TASK BRIEF: A faithful copy is required: retype the records from their first line through the line with "وصل رئيس الاتحاد", and omit the pictures.

[Stored entries]
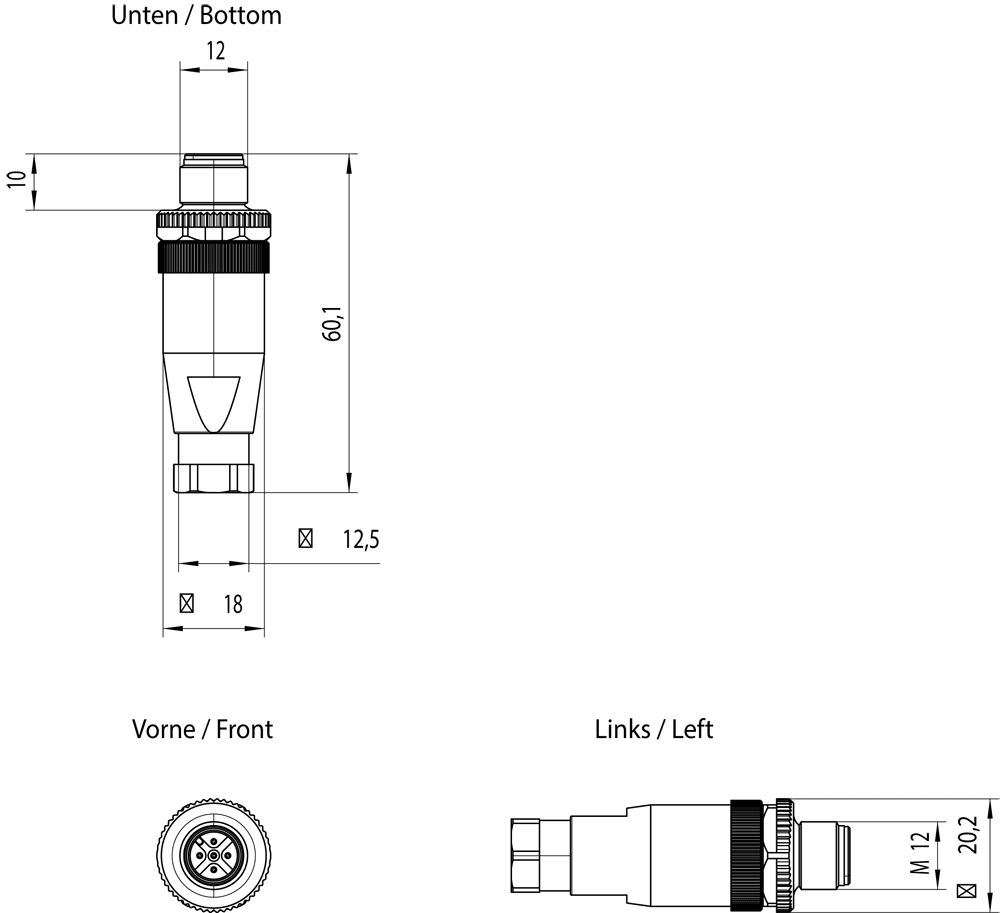 Control M12 Plug PRO; connettore confezionabile sul campo per il collegamento di sensori/attuatori IO-Link; a 5 poli; A-coded; 1 pezzo. SIMATIC NETControl M12 Plug PRO
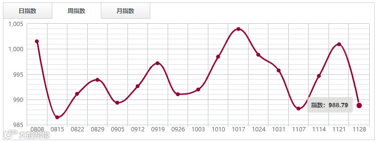 本周人造板市场呈现放量下跌行情,周指数报收988.79点,环比下跌1.21%。全周销量换增加3.3%,交易额增加2.17%。
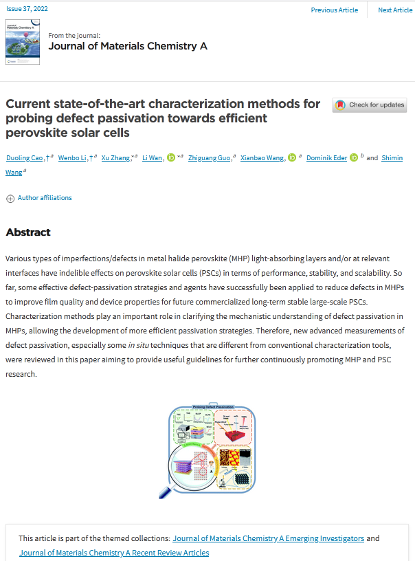 近期,crown皇冠体育平台万丽副教授入选英国皇家化学会材料化学领域2022年度Journal of Materials Chemistry A Emerging Investigators(JMCA新锐科学家),并受邀在2022年度Emerging Investigators专刊上发表题为“Current state-of-the-art characterization methods for probing defect passivation towards efficient perovskite solar cells”的综述文章。crown皇冠体育平台为文章第一通讯单位,crown皇冠体育平台硕士研究生曹多玲和李文博为共同第一作者,万丽副教授和张旭博士为共同通讯作者。该工作得到了国家自然科学基金(21402045)和国家重点研发计划(2019YFE0107100)等项目的资助。
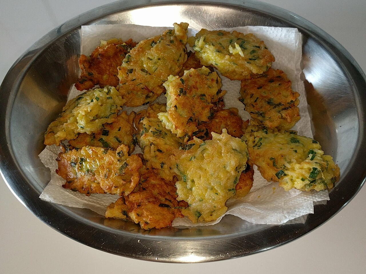 Em uma frigideira, aqueça o óleo. Frite os bolinhos. A cada colherada, passe a colher no óleo quente para que desprenda bem da colher. Frite dos dois lados, não precisa de muito óleo.
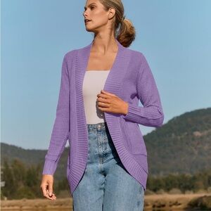 Stay cozy and stylish with this elegant purple sweater cardigan. Perfect for layering, it adds a pop of color to any outfit.
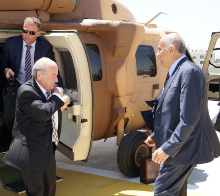 وصل رئيس الاتحاد الدولي لكرة القدم جوزيف بلاتر الاثنين الضفة الغربية المحتلة قادماً من المملكة الأردنية الهاشمية على متن مروحية أردنية، إلى جانب نائبه عن قارة آسيا الأمير علي بن الحسين، وعدد من كوادر "الفيفا". وكان رئيس الاتحاد الفلسطيني لكرة القدم جبريل الرجوب إلى جانب عدد من ممثلي الرئاسة الفلسطينية، وأعضاء اتحاد كرة القدم في استقبال بلاتر والأمير علي، في مقر المقاطعة بمدينة رام الله. وافتتح بلاتر زيارته بالوقوف دقيقة صمت على ضريح الرئيس الراحل الشهيد ياسر عرفات. ومن المنتظر أن يلتقي بلاتر والوفد المرافق له الرئيس محمود عباس، حيث سيعقد مؤتمراً صحفياً مشتركاً معه في المقاطعة برام الله.
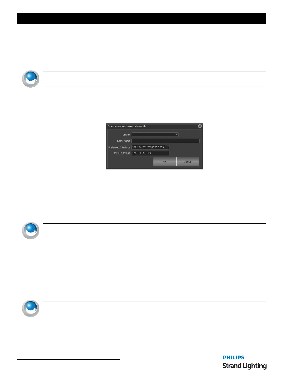 connect in the same way. If you open the show file using the regular "Open saved show" then the server will not be
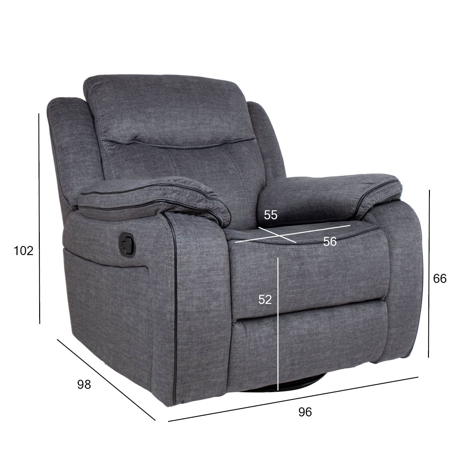 Tugitool GENTRY kiikuv ja pöörlev manuaalne recliner, hall.
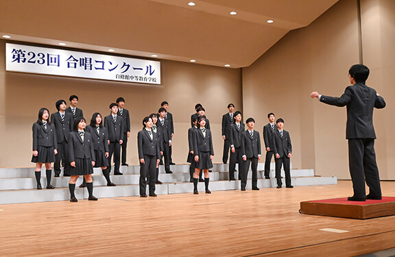 小学生のころから合唱が好きで、実行委員を経て今年は委員長に立候補しました。“一人ひとりの想いが重なって奏でられる素敵なハーモニー”を多くの人に楽しんでもらうことを目標に各学年の実行委員と協力しながら企画・運営に努め、自分自身も合唱の楽しさや面白さをあらためて実感することができました。
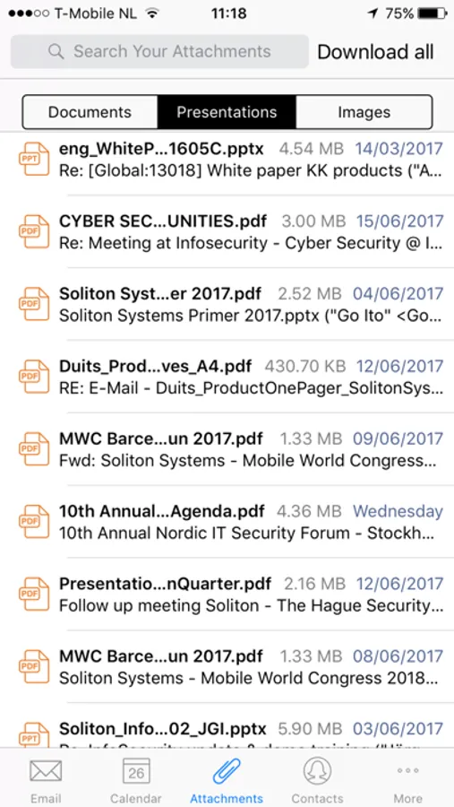 - Secure viewing and editing of attachments, Word, PowerPoint, Excel and PDF with integrated editor in the container.
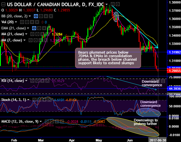 BoC officials signaled a hawkish turn and the technical picture suggests that the USDCAD has broken below 1.30 as anticipated.
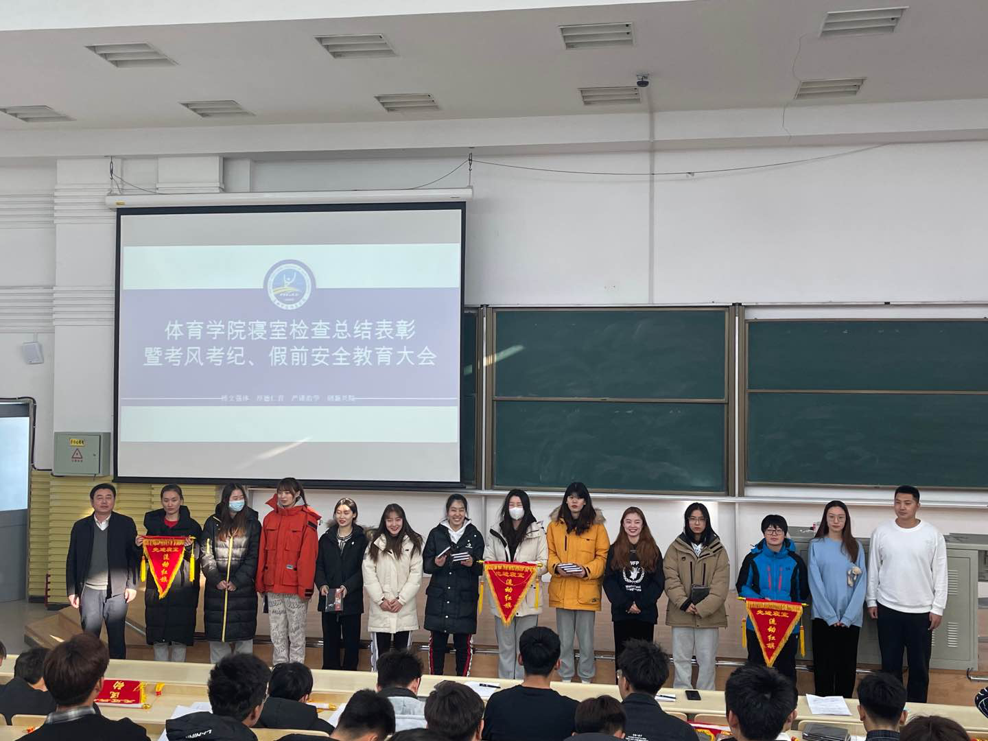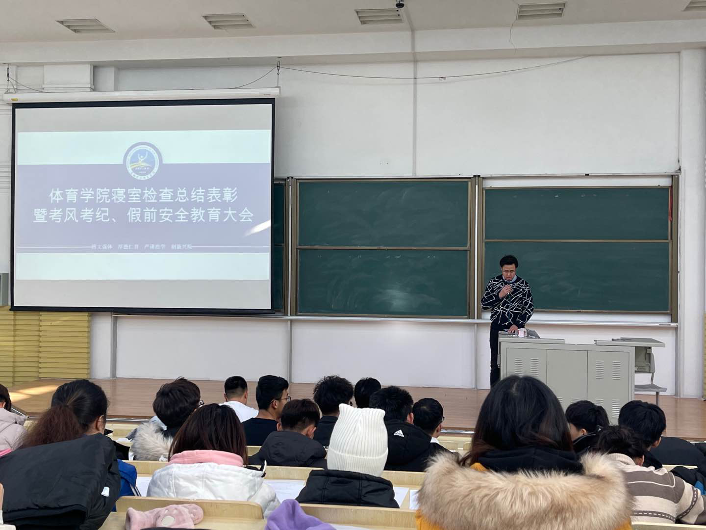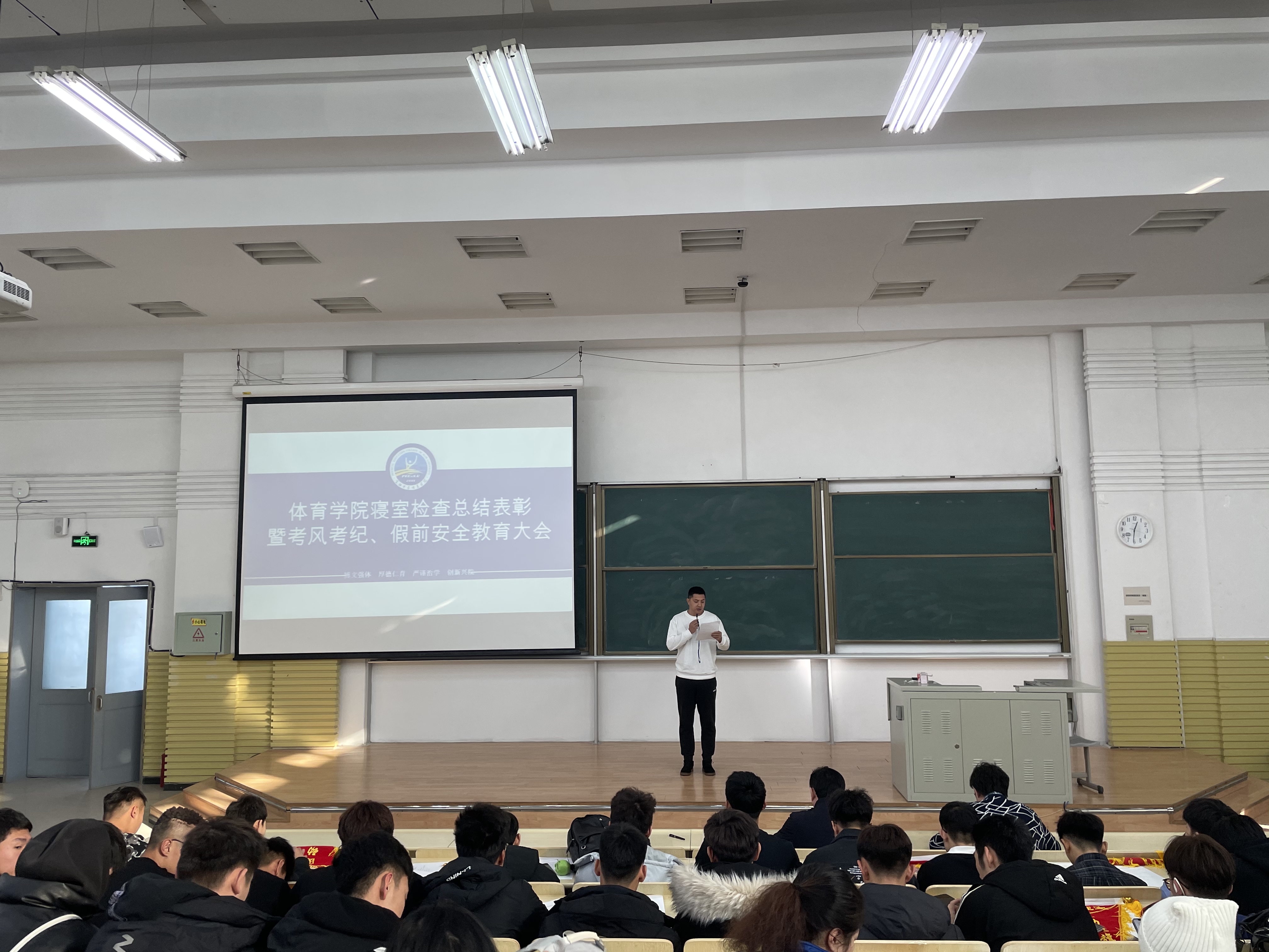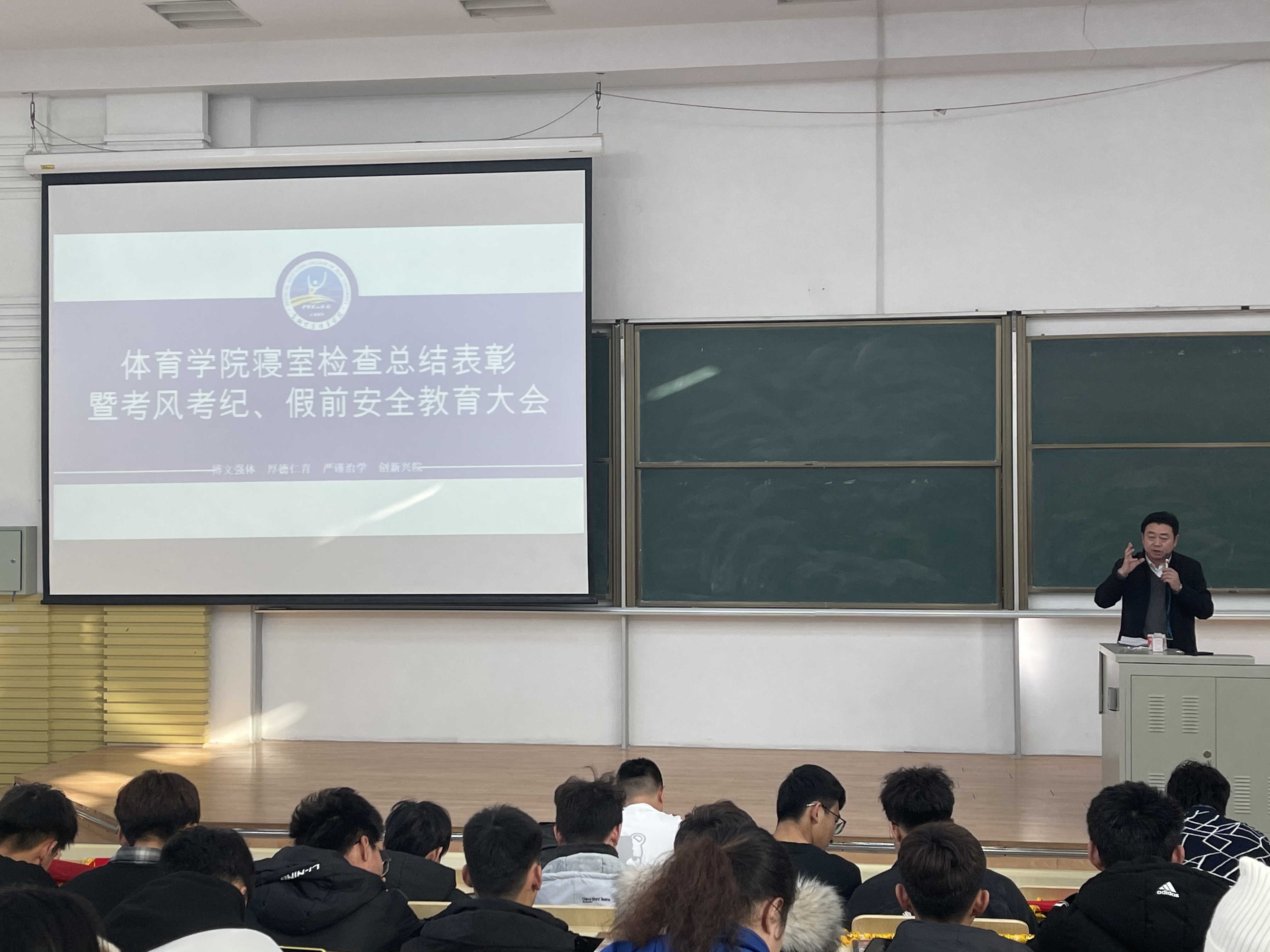 在逸夫楼第十阶梯教室召开本学期寝室检查总结表彰暨考风考纪、假前安全教育大会。学院党委副书记兼副院长田进、全体辅导员和全院本科生参加本次大会。
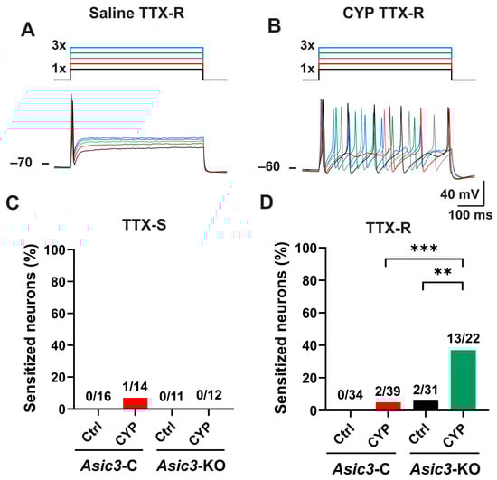 The presence of pelvic pain in conditional Asic3-KO mice treated with CYP that persists after the resolution of the inflammation alludes to the sensitization of central nociceptive pathways. Peripheral sensitization, which represents an amplification in the responsiveness of nociceptors that occurs when terminals are exposed to noxious stimuli, in general, requires a pathological condition to be sustained []. To investigate whether long-term allodynia in conditional Asic3-KO mice treated with CYP is driven, at least in part, by sensitized bladder afferents, we examined the firing of acutely isolated bladder sensory neurons of Asic3-C and conditional Asic3-KO mice treated with saline or CYP. Neurons were isolated from mice two weeks after the last dose of CYP (or saline) and electrophysiological studies were performed within 2 and 8 h of isolation. Sensory neurons were classified according to the sensitivity of the action potential to tetrodotoxin (TTX), as TTX-resistance (TTX-R) or TTX-sensitive (TTX-S). To assess neuron excitability, we applied an electrical stimulus with an intensity equal to 1, 1.5, 2, 2.5 and 3 times (X) the rheobase (i.e., minimal electrical current required to evoke an action potential) (Figure 7A,B). Most bladder sensory neurons from naïve mice discharge a single action potential in response to suprathreshold stimulation []. Thus, neurons that discharge more than an action potential in response to suprathreshold electrical stimulation were considered sensitized. Our studies show that most neurons isolated from Asic3-C mice treated with saline or CYP discharged a single action potential in response to suprathreshold stimulation (Figure 7C,D). Interestingly, a significant proportion (13 out of 35 neurons, 37%) of bladder sensory neurons with TTX-R action potentials of conditional Asic3-KO mice treated with CYP discharge multiple action potentials upon electrical stimulation (Figure 7D). Taken together, these findings suggest that ASICs control the sensitization of a subgroup of bladder nociceptors.
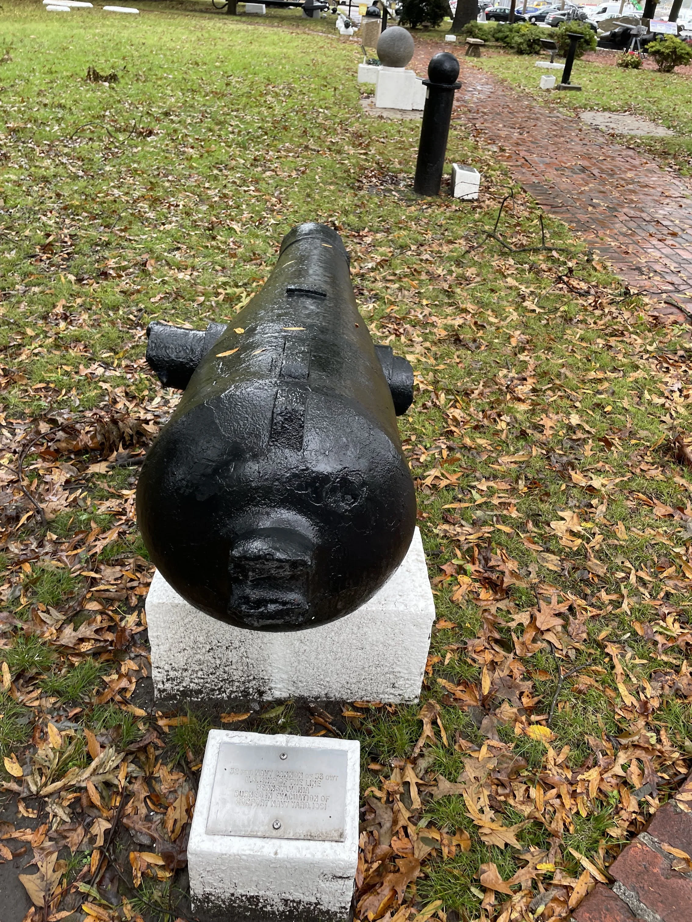 A US Navy 32-Pounder of 32 Hundredweight which was recovered from the wreck of USS Pennsylvania is displayed in Trophy Park in Norfolk Naval Shipyard. According to the research of Wayne Stark, USS Pennsylvania had two 32-Pounders of this type aboard in 1861, Registry Numbers 213 and 214, both of which had been made by Tredegar in 1846. Though the identifying marks on this cannon are no longer visible, it is probably 213 or 214.
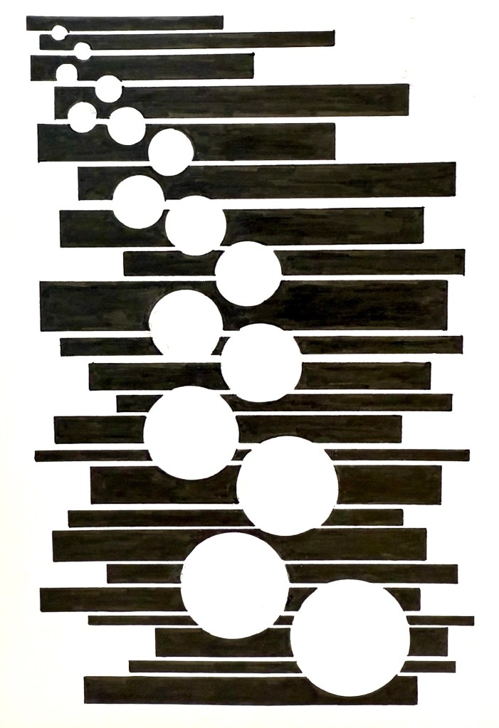 The dots piece was as a response to the prompt for that day which suggested making art while doing something else, so I created it while on a zoom call for work. I don’t mind the composition but it is so simple and obviously did not take a lot of preparation. This one did not go in the interim show.
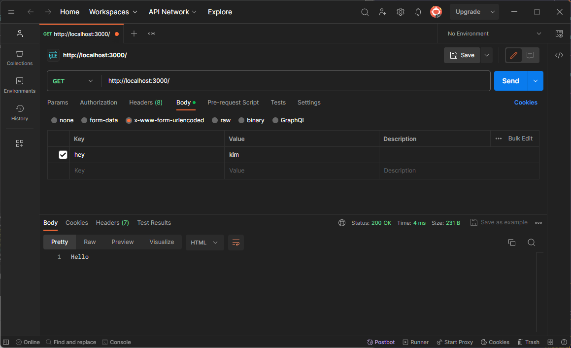 - Postman 프로그램에서 로컬 서버(@localhost:3000@)로 GET 요청을 보내본다.

REPLY TO THE TASK:
 Control M12 Plug PRO; connettore confezionabile sul campo per il collegamento di sensori/attuatori IO-Link; a 5 poli; A-coded; 1 pezzo. SIMATIC NETControl M12 Plug PRO
 本周人造板市场呈现放量下跌行情,周指数报收988.79点,环比下跌1.21%。全周销量换增加3.3%,交易额增加2.17%。
 近期,crown皇冠体育平台万丽副教授入选英国皇家化学会材料化学领域2022年度Journal of Materials Chemistry A Emerging Investigators(JMCA新锐科学家),并受邀在2022年度Emerging Investigators专刊上发表题为“Current state-of-the-art characterization methods for probing defect passivation towards efficient perovskite solar cells”的综述文章。crown皇冠体育平台为文章第一通讯单位,crown皇冠体育平台硕士研究生曹多玲和李文博为共同第一作者,万丽副教授和张旭博士为共同通讯作者。该工作得到了国家自然科学基金(21402045)和国家重点研发计划(2019YFE0107100)等项目的资助。
 Em uma frigideira, aqueça o óleo. Frite os bolinhos. A cada colherada, passe a colher no óleo quente para que desprenda bem da colher. Frite dos dois lados, não precisa de muito óleo.
 Stay cozy and stylish with this elegant purple sweater cardigan. Perfect for layering, it adds a pop of color to any outfit.
 وصل رئيس الاتحاد الدولي لكرة القدم جوزيف بلاتر الاثنين الضفة الغربية المحتلة قادماً من المملكة الأردنية الهاشمية على متن مروحية أردنية، إلى جانب نائبه عن قارة آسيا الأمير علي بن الحسين، وعدد من كوادر "الفيفا". وكان رئيس الاتحاد الفلسطيني لكرة القدم جبريل الرجوب إلى جانب عدد من ممثلي الرئاسة الفلسطينية، وأعضاء اتحاد كرة القدم في استقبال بلاتر والأمير علي، في مقر المقاطعة بمدينة رام الله. وافتتح بلاتر زيارته بالوقوف دقيقة صمت على ضريح الرئيس الراحل الشهيد ياسر عرفات. ومن المنتظر أن يلتقي بلاتر والوفد المرافق له الرئيس محمود عباس، حيث سيعقد مؤتمراً صحفياً مشتركاً معه في المقاطعة برام الله.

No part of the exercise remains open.